In MST, we mean the entire process of going from customer needs to order fulfillment, with a particular emphasis on the process of creating products on a commercial scale. We focus on the conversion of material into components, and components into products that are delivered into a supply chain. This also encompasses the engineering and business aspects of these industries.
Each year, a number of companies offer projects for our program. We ask for a thorough description of activities and expectations for the project. After these are presented to the cohort, the students, companies, and faculty advisors go through a matching process to fit the projects to the students’ interests.
Most of the material in this degree applies to all segments of the discrete parts and products industries. The physics subjects consider semiconductor and other electronics manufacturing in concert with more traditional mechanical products. However, as noted above, there will be a re-centering of this curriculum on manufacturing at the small scale, to include both microchips and MEM devices as well.
If your long-term interest is to work in a manufacturing-oriented industry, in the end this degree will probably be more appropriate than an SM degree.
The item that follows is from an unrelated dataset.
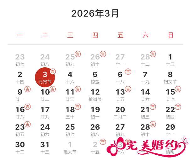 2026年3月结婚吉日共13天,分别是3日、6日、9日、10日、11日、13日、15日、16日、18日、21日、22日、23日、28日。
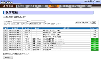 蓄電システムやパワーコンディショナの異常を検出すると管理者に電子メールで通知します。また、異常検出の履歴は、Webブラウザ上で閲覧できます。

My long-term goal is industry-based research, and I expect to eventually return for a PhD degree. Should I take this degree first?
The main distinction between the Master of Engineering and the Master of Science is that the latter is much more research oriented. If you take the MEng option, returning for a PhD is not precluded, but the more appropriate route is the Master of Science.
The MEng degree is targeted at students with a strong interest in manufacturing. Within that dedicated pool of applicants the admissions process is very competitive.
Experience in manufacturing is always a plus, if only in helping you decide that this is the right program for you. We have no specific minimum experience requirement, however, it is desirable given the pace and project-centric nature of the overall program.
As most of our students are continuing directly from their undergraduate programs, the majority of students are in their early 20s. Students also join our program after several years in industry or another degree program, however, so there is a wide age range.
The MEng is a global program, and this is reflected in the student body makeup. At present, owing to both manufacturing trends and the companion SMA MST program (link) many of our students are from Asia, including China, Singapore and India, with another large group from Europe.
The MEng is a mechanical engineering program, and thus certain expectations are inherent in the classes. Nonetheless, a significant number of MEng students have been admitted and successfully completed the degree with very different backgrounds. In general, we need to see undergraduate subjects in the core areas of materials, mechanics, thermal science and/ design, even if not taught as part of a mechanical engineering curriculum.
Since the MEng is a professional degree, with significant project and group work, and with numerous presentations at MIT and at project sites, a good knowledge of English is essential. MIT has minimum language requirements for non-US students, and all graduate students must pass a technical writing test once they arrive; see the Mechanical Engineering application page for details. We typically conduct interviews of all students we are considering for admission, and one key aspect of that interview is English skills.